Imagine you have $1 million in a brokerage account. You invested $700,000 and it appreciated to $1 million. Your taxable gain is $300,000. Net of long-term capital gains tax, your real accessible wealth is less than $1 million—potentially significantly less depending on your state.
Now apply the same logic to your 401(k). The entire balance—contributions and growth—is pre-tax. When you withdraw in retirement, you’ll owe ordinary income tax on every dollar. A $2 million 401(k) is not $2 million of spendable wealth. For a high earner who retires into a high tax bracket, it could be $1.3 million or less.
The question you need to be asking isn’t “how much is in my account?” It’s “how much do I actually keep after taxes?”
This is why tax-advantaged growth matters so much. When you’re compounding inside a structure that eliminates or defers taxation—whether that’s a real estate syndication leveraging depreciation, an oil and gas investment, a Roth IRA invested in a self-directed private credit fund, or an infinite banking policy—your effective yield is dramatically higher than a conventional index fund.
The math isn’t subtle. At 7% gross in a taxable account, with fees and inflation, you might net 2.5% in real purchasing power. At 15–20% in a tax-advantaged vehicle, you’re compounding at multiples of that rate. Over 20 years, this difference produces entirely different financial outcomes.
Real Estate Syndication Recapture: Plan for It or Get Surprised
One area where investors routinely get blindsided is depreciation recapture in real estate syndications.
When you invest as an LP in a syndication, you typically receive bonus depreciation in the early years—sometimes equal to or exceeding your initial investment. That’s a powerful tax offset. But when the deal sells, that depreciation must be recaptured and taxed at up to 25%.
This isn’t a reason to avoid syndications. It’s a reason to plan. The depreciation gives you capital to redeploy during the holding period. If you reinvest those tax savings intelligently—into another depreciation-generating asset, an oil and gas deal, or a qualified opportunity zone fund—you can offset the recapture when it hits.
The investors who get hurt are the ones who take the deduction, spend the tax savings, and then face an unexpected tax bill when the deal exits. Proper planning means modeling the recapture event years in advance and building the offset strategy into the same year.
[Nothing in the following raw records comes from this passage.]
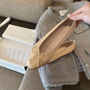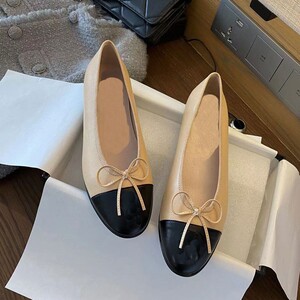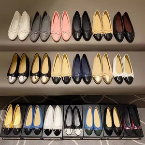 女蝴蝶结浅口小2025平底新款高品质单鞋圆头芭蕾舞鞋香风真皮拼色
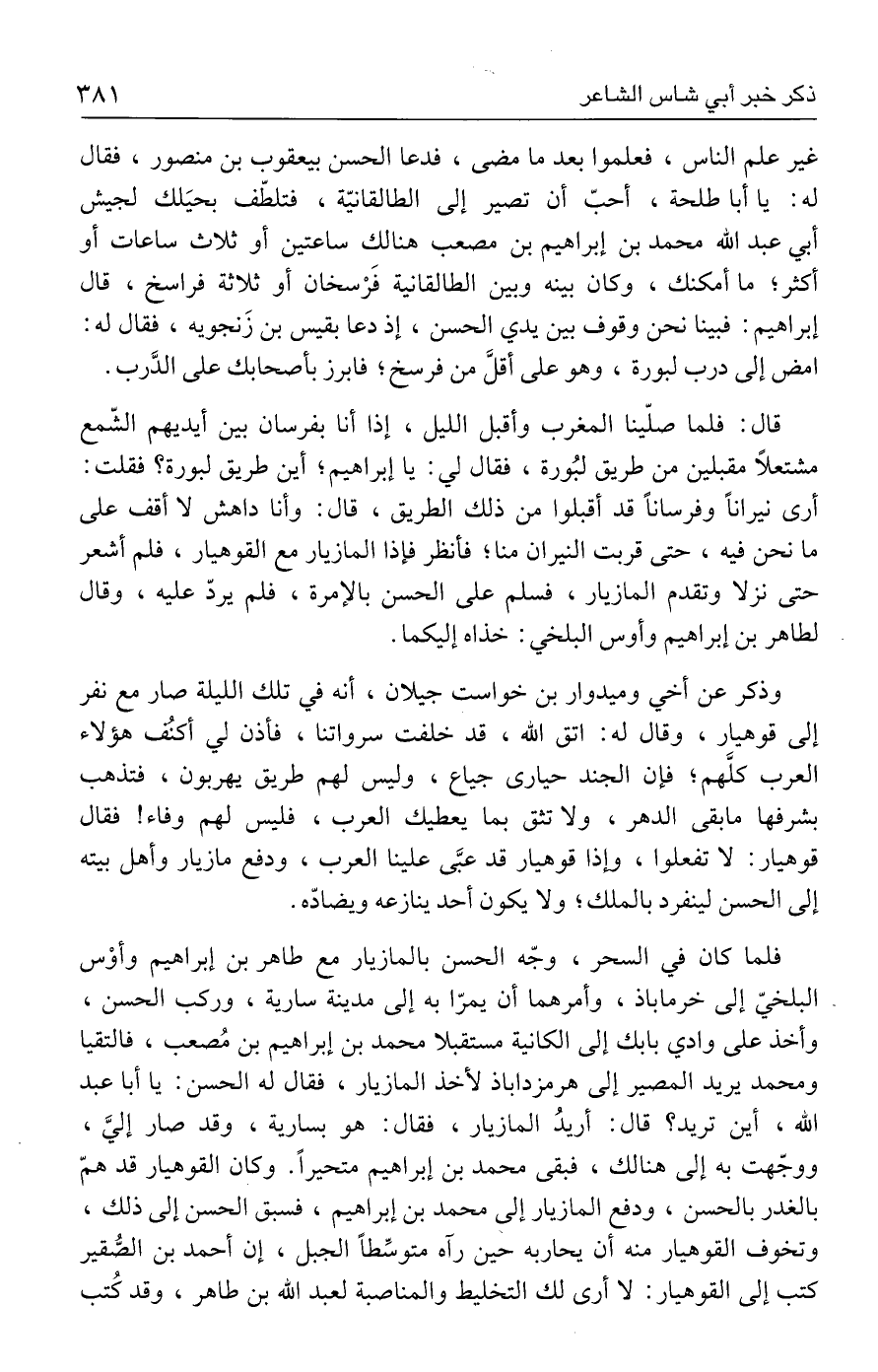 غير علم الناس، فعلموا بعد ما مضى، فدعا الحسن بيعقوب بن منصور، فقال له: يا أبا طلحة، أحبّ أن تصير إلى الطالقانيّة، فتلطّف بحيَلك لجيش أبي عبد الله محمد بن إبراهيم بن مصعب هنالك ساعتين أو ثلاث ساعات أو أكثر؛ ما أمكنك، وكان بينه وبين الطالقانية فَرْسخان أو ثلاثة فراسخ، قال إبراهيم: فبينا نحن وقوف بين يدي الحسن، إذ دعا بقيس بن زَنجويه، فقال له: امض إلى درب لبورة، وهو على أقلَّ من فرسخ، فابرز بأصحابك على الدَّرب.
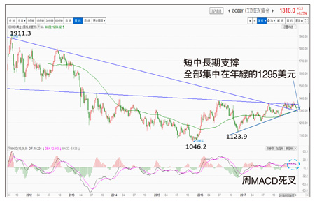 三大支撐匯集在一二九五美元附近萬一跌破一千三百美元整數關卡,等於宣告年線的一二九五美元支撐有失守的可能性,從周K線圖可發現,二○一一年的一九二○美元高點下跌以來的長期下降壓力線,目前正好落在一二九五美元附近。同時一一二三.九美元低點以來的中期上升趨勢線支撐,也正好落在一二九五美元附近。換句話說,一千三百美元整數關卡若守不住,暗示著三大支撐匯集的一二九五美元也終將被跌破,屆時多頭寄望的五年大底就不容易構築成功。

This is exactly the kind of multi-year scenario modeling that Prosperl CPA does for real estate investors and high-income earners. It’s not enough to optimize one year. The strategy has to hold up across the entire investment lifecycle.
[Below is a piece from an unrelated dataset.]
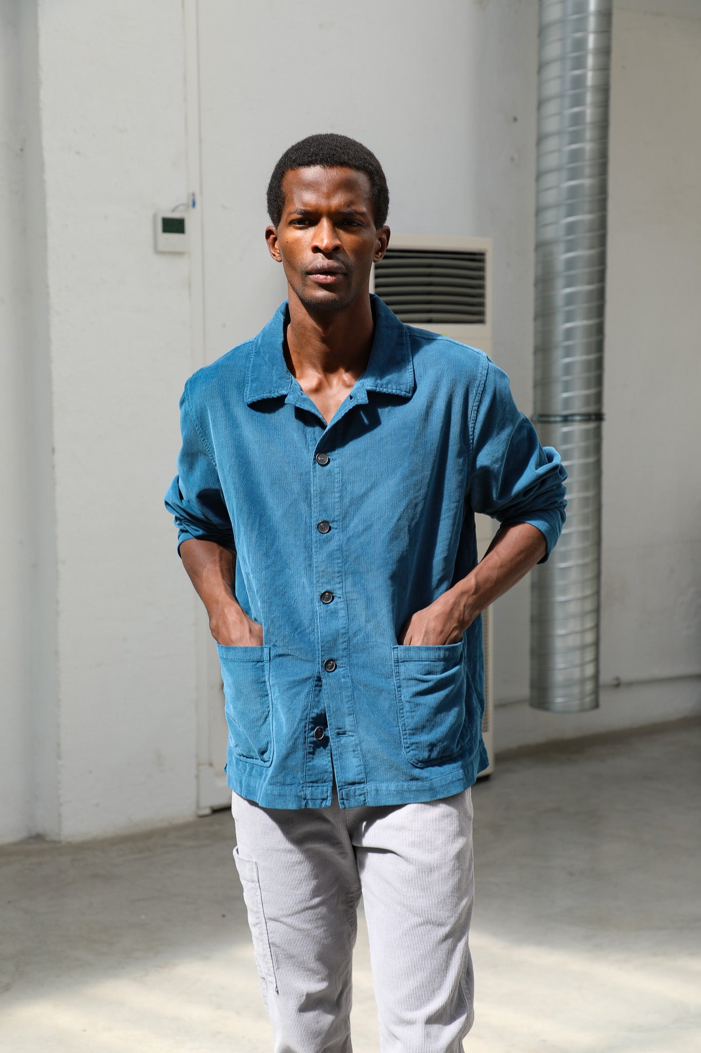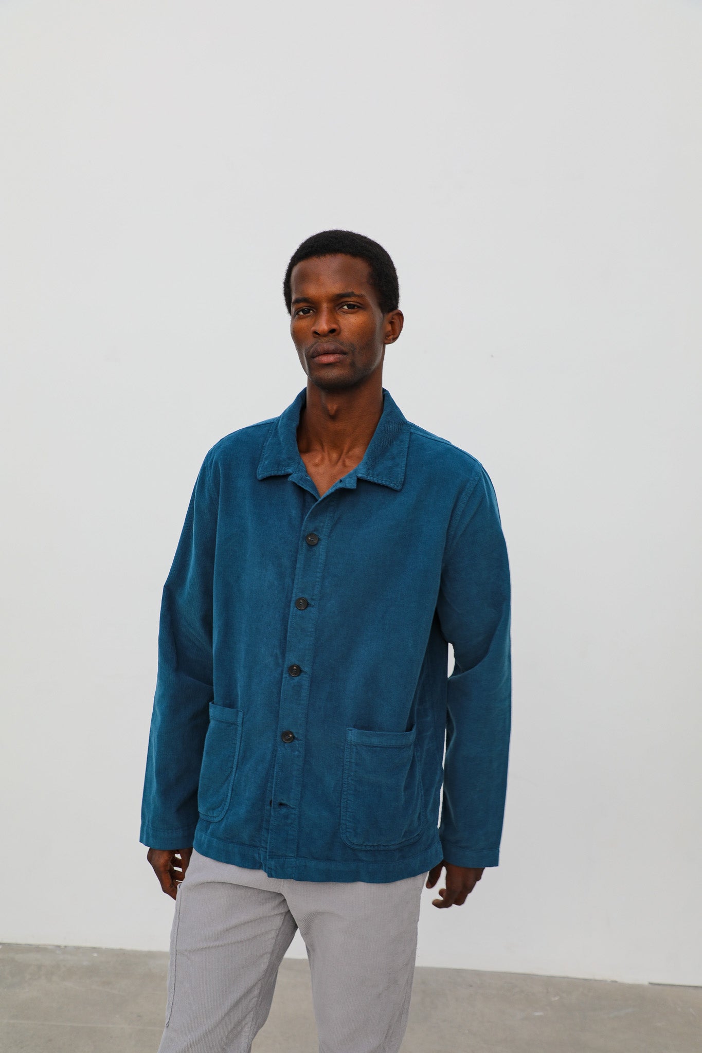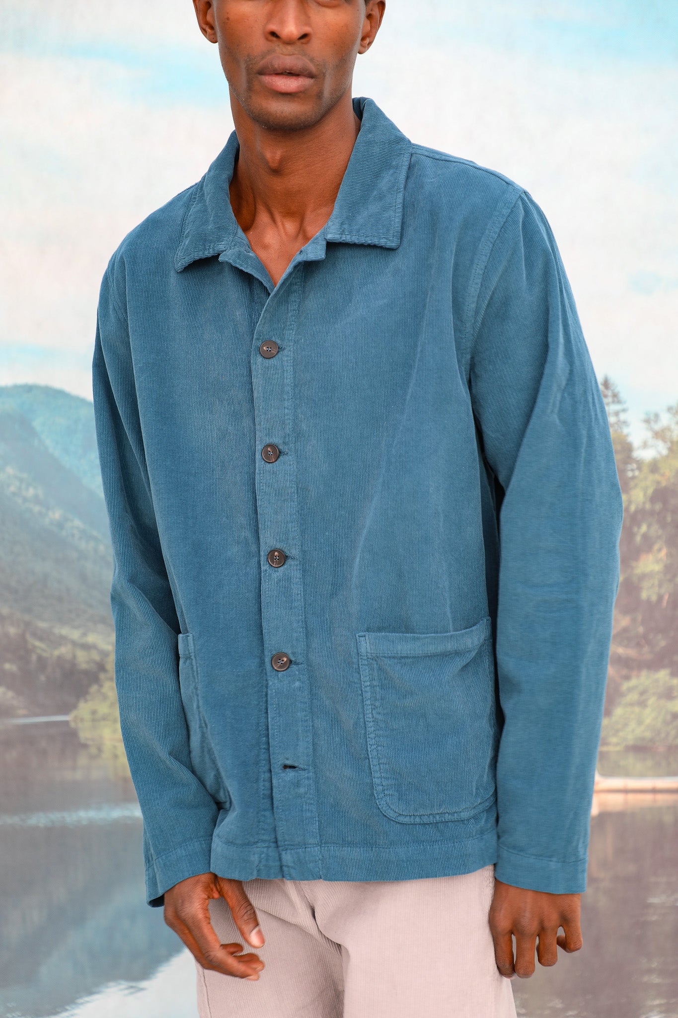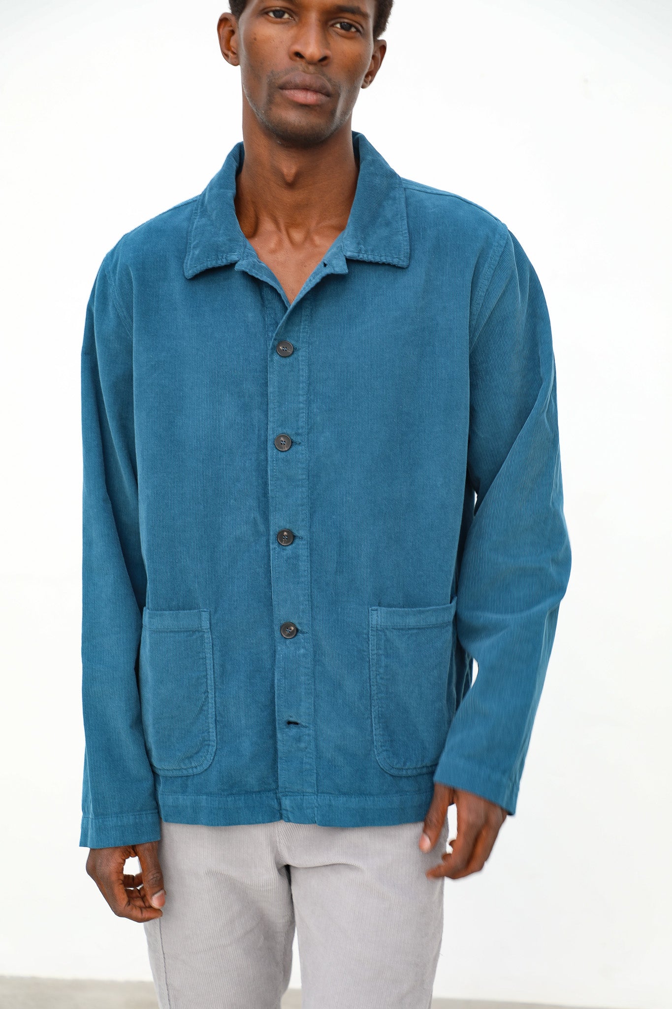 Corduroy jacket in blue, designed with a full button closure and two large side pockets.

Infinite Banking: Is It Worth It?
Infinite banking—using a properly structured whole life insurance policy to create a tax-advantaged, self-directed liquidity pool—is one of the most polarizing topics in personal finance. It deserves a clear-eyed look.
Dave Wolcott has practiced infinite banking for 15 years. His analysis:
Advantages:
- Tax-free growth. The cash value inside a whole life policy grows without income tax.
- Borrow against it without triggering taxes. Because you’re taking a policy loan (not a withdrawal), it’s not a taxable event. In retirement, this becomes a mechanism for tax-free income.
- No margin call risk. Unlike borrowing against a brokerage account, a market decline doesn’t trigger forced liquidation.
- Guaranteed baseline return. Mutual life insurers have been paying dividends continuously—in many cases, since the 1800s.
- Asset protection. In most states, life insurance cash value is protected from creditors. A brokerage account is not.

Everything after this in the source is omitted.